I have many (~2000) locations with time series data. Each time series has millions of rows. I would like to store these in a Postgres database. My current approach is to have a table for each location time series, and a meta table which stores information about each location (coordinates, elevation etc). I am using Python/SQLAlchemy to create and populate the tables. I would like to have a relationship between the meta table and each time series table to do queries like "select all locations that have data between date A and date B" and "select all data for date A and export a csv with coordinates". What is the best way to create many tables with the same structure (only the name is different) and have a relationship with a meta table?
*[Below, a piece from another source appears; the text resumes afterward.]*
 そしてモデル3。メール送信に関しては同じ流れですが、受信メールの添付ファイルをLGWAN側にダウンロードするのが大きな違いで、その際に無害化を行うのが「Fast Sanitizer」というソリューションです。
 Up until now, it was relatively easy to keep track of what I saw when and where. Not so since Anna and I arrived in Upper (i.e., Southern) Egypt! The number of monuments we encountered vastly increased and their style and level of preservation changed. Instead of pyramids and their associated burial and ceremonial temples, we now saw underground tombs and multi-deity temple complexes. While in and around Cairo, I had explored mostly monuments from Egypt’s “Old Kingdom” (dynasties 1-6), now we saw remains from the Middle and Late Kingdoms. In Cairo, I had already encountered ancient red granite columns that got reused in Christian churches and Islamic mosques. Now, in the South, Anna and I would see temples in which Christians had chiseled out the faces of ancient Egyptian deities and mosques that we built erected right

Or should I use a different database design?
Currently I am using this type of approach to generate a lot of similar mappings:
from sqlalchemy import create_engine, MetaData
from sqlalchemy.types import Float, String, DateTime, Integer
from sqlalchemy import Column, ForeignKey
from sqlalchemy.ext.declarative import declarative_base
from sqlalchemy.orm import sessionmaker, relationship, backref
Base = declarative_base()
def make_timeseries(name):
class TimeSeries(Base):
__tablename__ = name
table_name = Column(String(50), ForeignKey('locations.table_name'))
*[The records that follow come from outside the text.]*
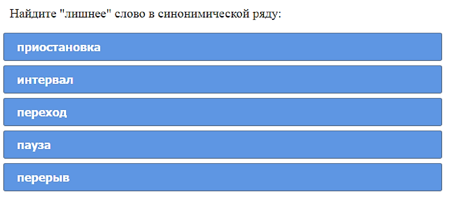 As for the next type of the exercises, students are required to focus on the concept of a synonymic row and find an “extra” word. Type of exercise: a multiple-choice test. Level: intermediate. Students do the exercise and memorize the meanings of the words; they match synonyms, apply the methods of cognitive task analysis and synthesis, and enlarge their active vocabulary. The task description also contains the definitions of such linguistic terms as “synonymic row” and “dominant synonym”. For example, students are required to find an extra word in the synonymic row: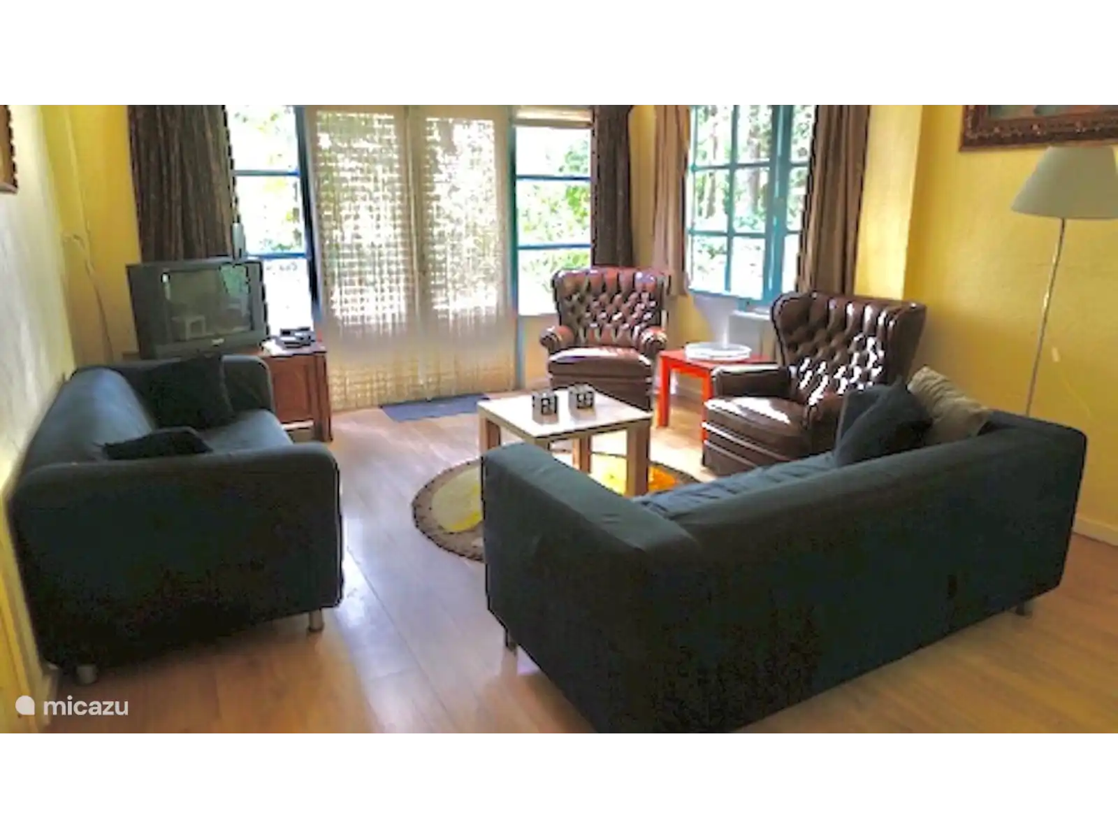 Séjour de 10 mètres de long, cuisine ouverte, portes-fenêtres donnant sur le jardin. Avec lecteur DVD et télévision. Salle de bain spacieuse avec machine à laver. Cuisine avec réfrigérateur, lave-vaisselle, four, feux gaz, senseo, bouilloire et vaisselle. Il faut traverser une chambre pour accéder à l'autre chambre. Tous avec chauffage central. Apportez votre propre linge. Les couettes et les oreillers sont fournis.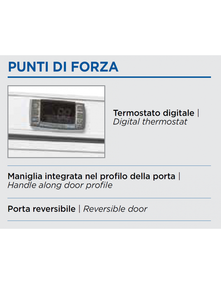 Armadio refrigerato in ABS da 600 litri con esterno di colore bianco e interno in termoformato, dotato di termostato digitale, porta reversibile, serratura, maniglia integrata nel profilo della porta, 4 ripaini regolabili, 2 piedini regolabili + 2 rotelle posteriori, e adatto per vaschette GN2/1.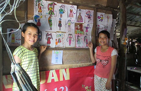 Trên bức vách của căn nhà dán đầy những bức tranh vẽ nhiều màu. Tác giả của những bức tranh là Ngô Huỳnh Như, con anh Vinh, đang học lớp 6 Trường THCS Hưng Thạnh. Như cho biết: “Con thích vẽ lắm. Mấy cô chú cho bút màu, con tự tập vẽ. Con coi phim hoạt hình, thích nhân vật nào vẽ theo nhân vật đó”.

datetime = Column(DateTime, primary_key=True)
value = Column(Float)
location = relationship('Location', backref=backref('timeseries',
lazy='dynamic'))
def __init__(self, table_name, datetime, value):
self.table_name = table_name
self.datetime = datetime
self.value = value
def __repr__(self):
return "{}: {}".format(self.datetime, self.value)
return TimeSeries
class Location(Base):
__tablename__ = 'locations'
id = Column(Integer, primary_key=True)
table_name = Column(String(50), unique=True)
lon = Column(Float)
lat = Column(Float)
if __name__ == '__main__':
connection_string = 'postgresql://user:pw@localhost/location_test'
engine = create_engine(connection_string)
metadata = MetaData(bind=engine)
Session = sessionmaker(bind=engine)
session = Session()
TS1 = make_timeseries('ts1')
# TS2 = make_timeseries('ts2') # this breaks because of the foreign key
Base.metadata.create_all(engine)
session.add(TS1("ts1", "2001-01-01", 999))
session.add(TS1("ts1", "2001-01-02", -555))
qs = session.query(Location).first()
print qs.timeseries.all()
This approach has some problems, most notably that if I create more than one TimeSeries the foreign key doesn't work. Previously I've used some work arounds, but it all seems like a big hack and I feel that there must be a better way of doing this. How should I organise and access my data?